Galadi Temporal range: Oligocene - Miocene

Scientific classification
- Kingdom: Animalia
- Phylum: Chordata
- Class: Mammalia
- Infraclass: Marsupialia
- Order: Peramelemorphia
- Genus: †Galadi Travouillon et al., 2010
- Species: G. speciosus Travouillon et al., 2010 (type); G. adversus Travouillon et al., 2013; G. amplus Travouillon et al., 2013; G. grandis Travouillon et al., 2013;

= Galadi =

Extinct genus of marsupials

Galadi is an extinct genus of predatory bandicoot from Oligo-Miocene deposits of Riversleigh, northwestern Queensland, Australia.

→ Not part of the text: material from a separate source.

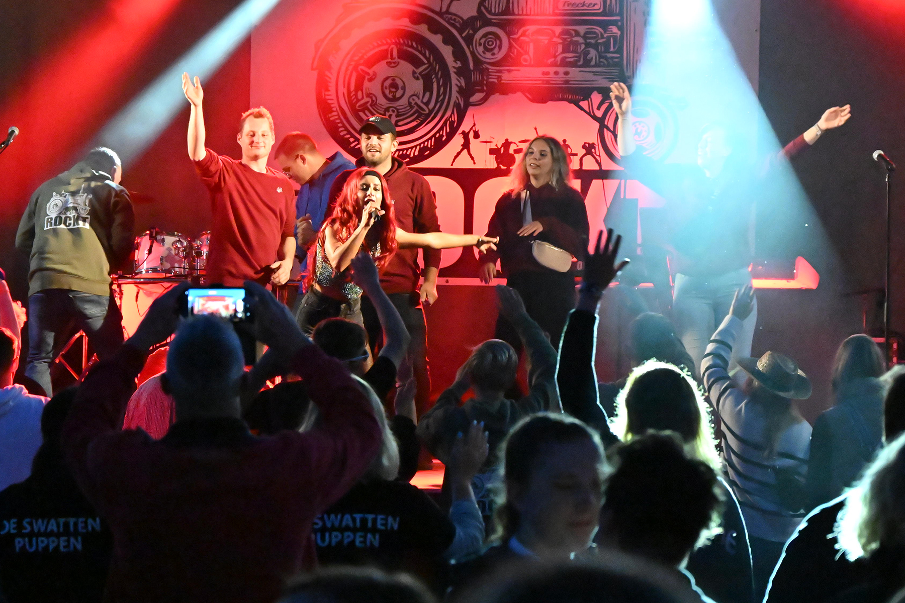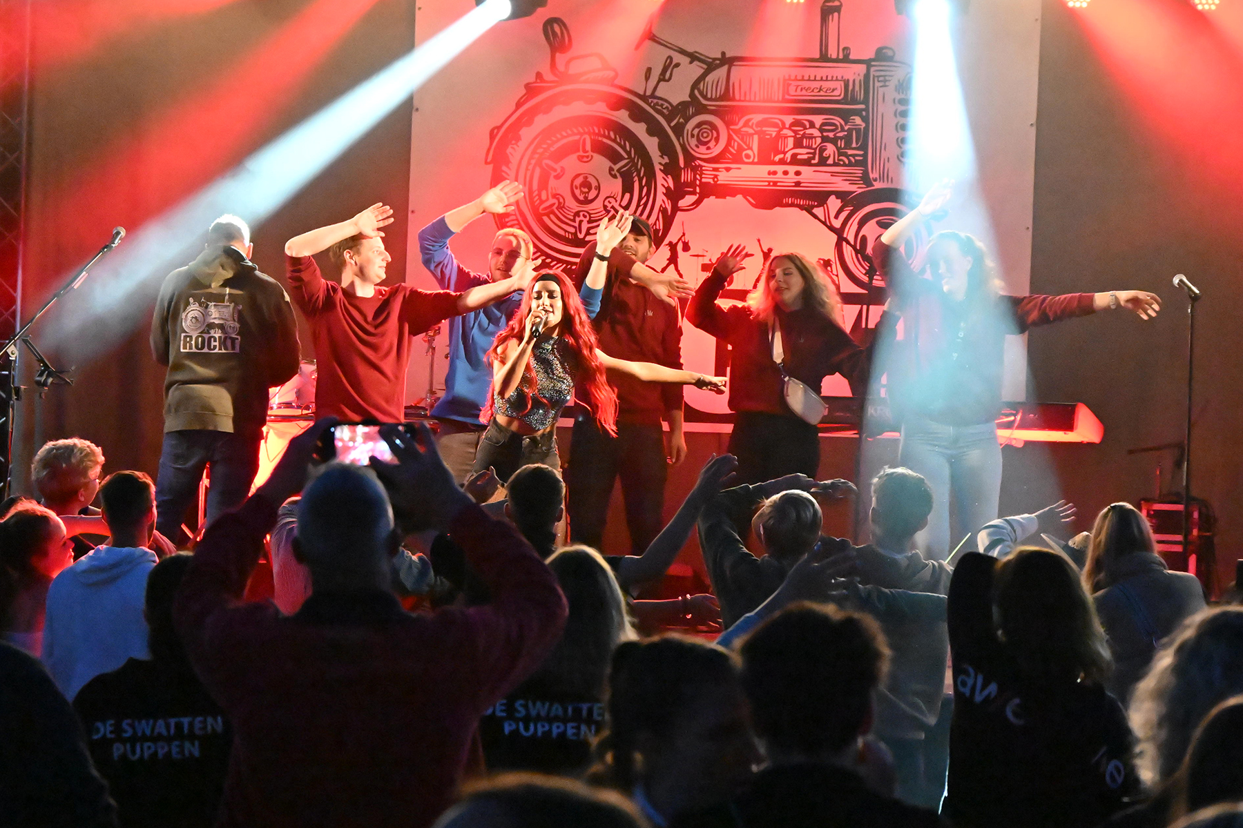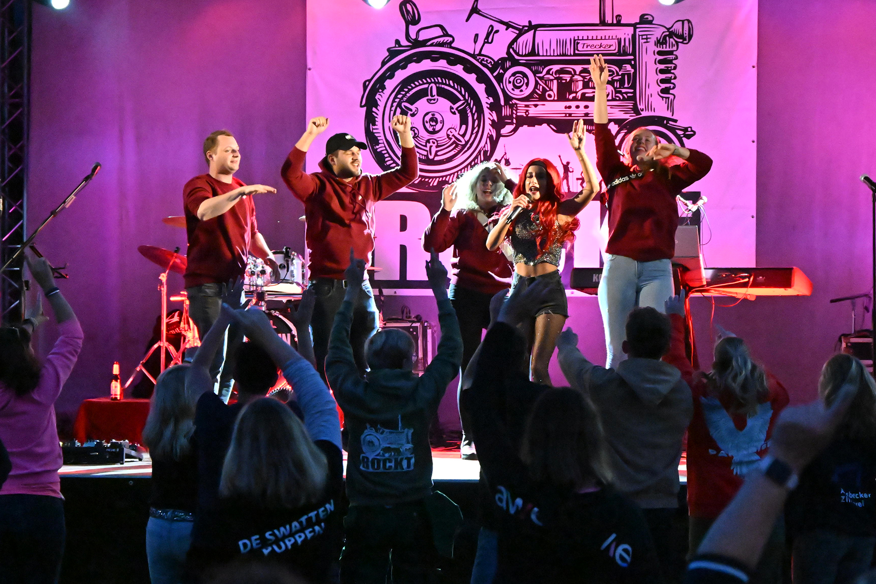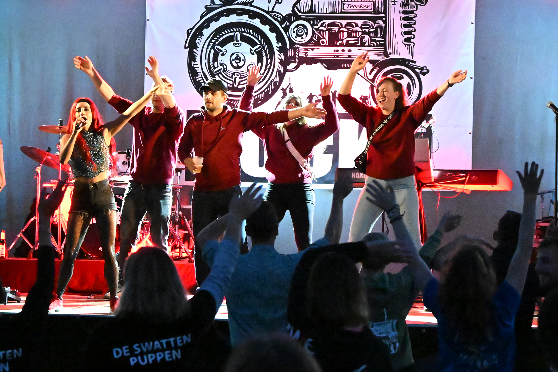 Fendt, Deutz andere Trecker-Marken und dazwischen eine Scania-Zugmaschine von Prinz-Stelzer Transporte aus Eicklingen mit extra Terrasse über dem Führerhaus. Party-Sängerin Marie Käfer, die die Gäste mit eingängiger Mallorca-Musik unterhielt, hatte die Gäste aus dem Landkreis Celle sodann gleich im Auge. Mit Johannes, Lukas, Richard und Madeleine holte sie sich vier Gasttänzer vom Scania auf die Bühne, die sichtlich Spaß an ihrer neuen Aufgabe hatten. "Ich find`s mega hier", ließ die rothaarige Marie Käfer die Zuhörer wissen. Wie schon andere Musiker vor ihr war der Anblick von der Bühne auf fast 240 Trecker für sie ein ungewohntes Bild. "Wenn ich nun noch Trecker fahren könnte, dann würde ich das niemals vergessen", erklärte sie mit einem Augenzwinkern. Ihrer Stimmung in nichts nach standen Sängerin Ina Colada sowie Partyband "Meilenstein", die die Solo-Auftritte umrahmte und so für ein mehrstündige Live-Event sorgte.

It was first named by K.J. Travouillon, Y. Gurovich, R.M.D. Beck and J. Muirhead in 2010 and the type species is Galadi speciosus; additional three species, G. adversus, G. amplus and G. grandis, were described in 2013. The genus is represented by three well-preserved skulls and several isolated maxillae and dentaries. Its body mass would have been close to two pounds, making it relatively large for its family. The combination of body size, robustness and short, stout skull indicates that Galadi would have been able to take relatively large prey for its size, though the morphology of its molars indicates it may have been omnivorous.